En outre, le programme d’ajustement structurel du FMI oblige les pays à réduire les dépenses publiques, à accroître les privatisations et la déréglementation. En conséquence, l’incapacité à formuler des politiques indépendantes oblige ces pays à se tourner vers la NDB pour obtenir des prêts et une aide au développement.
La NDB émet des obligations en monnaie locale. Ces évolutions démontrent l’accès croissant des BRICS au financement pour tirer parti de leurs actifs liquides.
Grâce à leur puissance militaire et à leur position dans la politique mondiale, les États-Unis exercent une influence considérable sur les affaires internationales. Cette influence mondiale aide les États-Unis à consolider la position du dollar américain en tant que monnaie mondiale incontestée.
Cependant, le bloc BRICS – composé de la Russie, de la Chine et de l’Inde – est un groupe de pays dotés d’armées redoutables, deuxièmes seulement après les États-Unis, selon l’indice de défense mondial. La Russie est classée deuxième, la Chine troisième et l’Inde quatrième.
Tout comme la possibilité de former une alliance militaire entre les BRICS est peu probable, en raison de divergences de vues. Il en va de même pour les scénarios d’une union monétaire, où chaque pays a ses propres calculs et sa propre préparation.
Compte tenu des différences entre les économies membres des BRICS, il n’est pas certain que les avantages d’une monnaie commune l’emportent sur les coûts. Au-delà de la volonté politique derrière la dédollarisation, le défi de la dépendance croissante à l’égard de la Chine pourrait également conduire à des conflits d’intérêts, voire à des différends au sein du bloc.

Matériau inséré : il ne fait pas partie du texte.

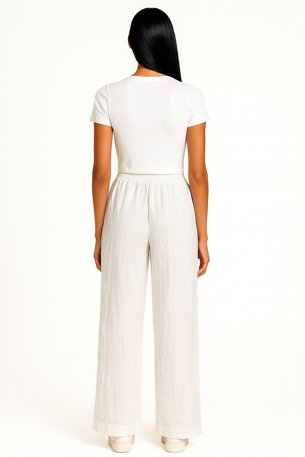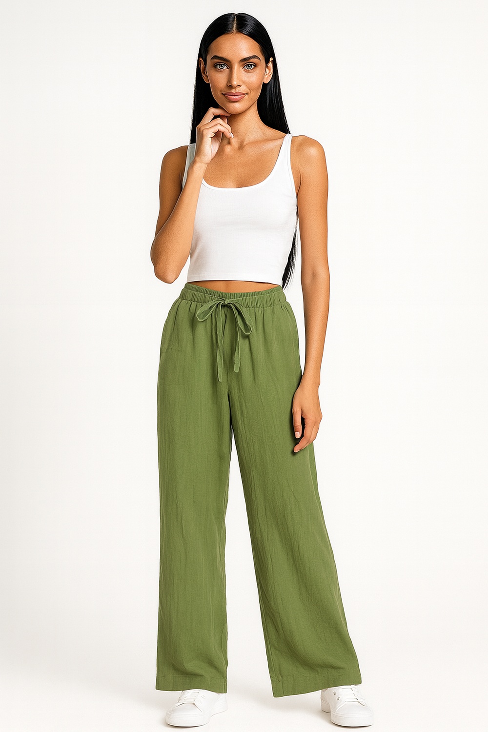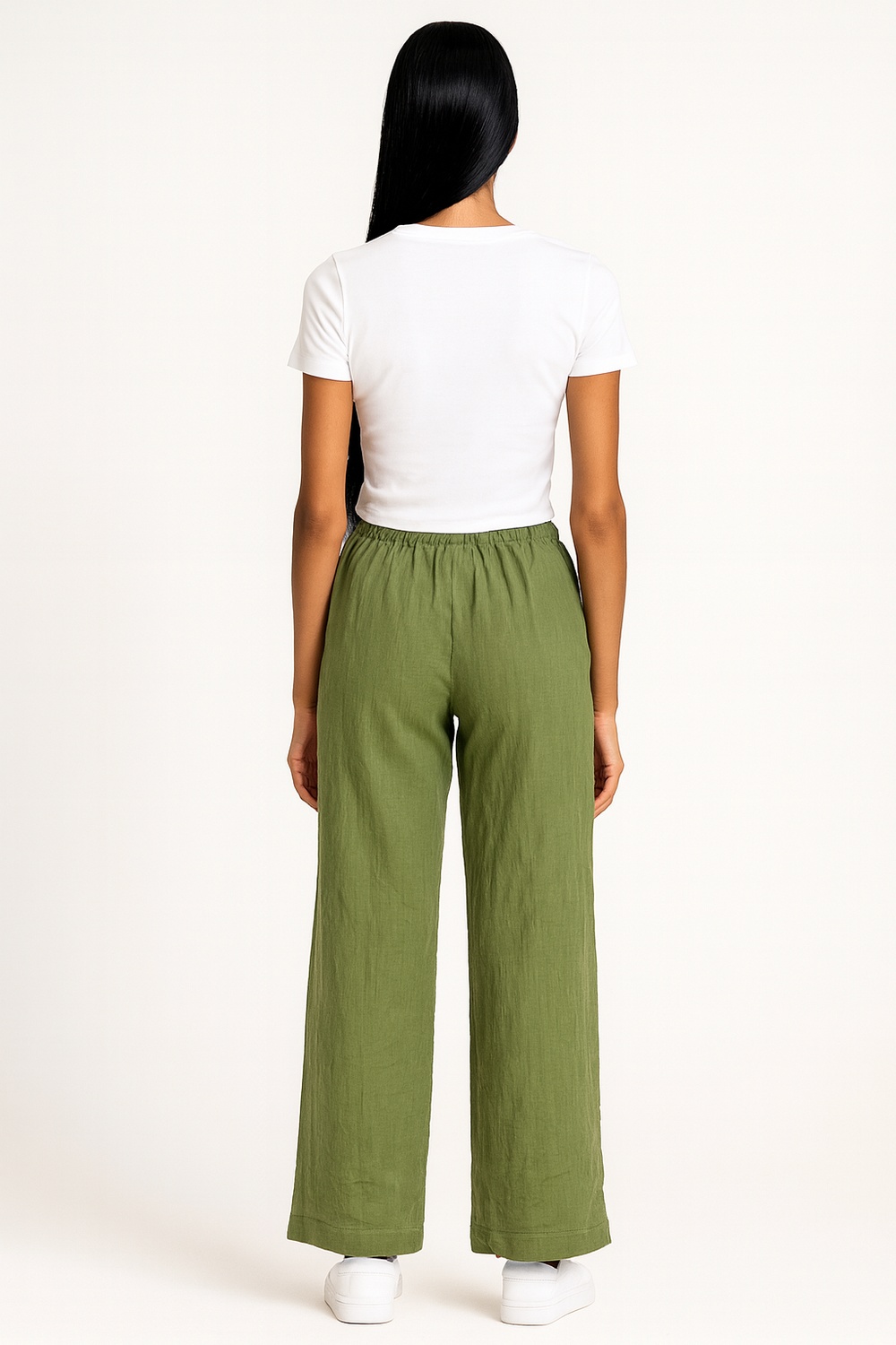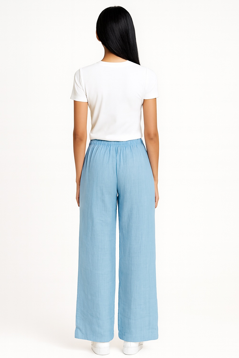 Pantalón largo de corte recto, elaborado en tejido tipo manta de textura ligera, pretina elástica con jareta ajustable, silueta amplia que brinda comodidad y frescura durante el uso

Ainsi, même si une monnaie commune alternative pourrait effectivement éliminer le coût de conversion du dollar américain dans les paiements internationaux, les membres du BRICS devront peut-être faire preuve de prudence avant de prendre des mesures en vue d’établir une nouvelle monnaie, car cette démarche pourrait aller à l’encontre de leurs intérêts respectifs en matière de politique étrangère, compte tenu des diverses raisons qui motivent le soutien à cette initiative.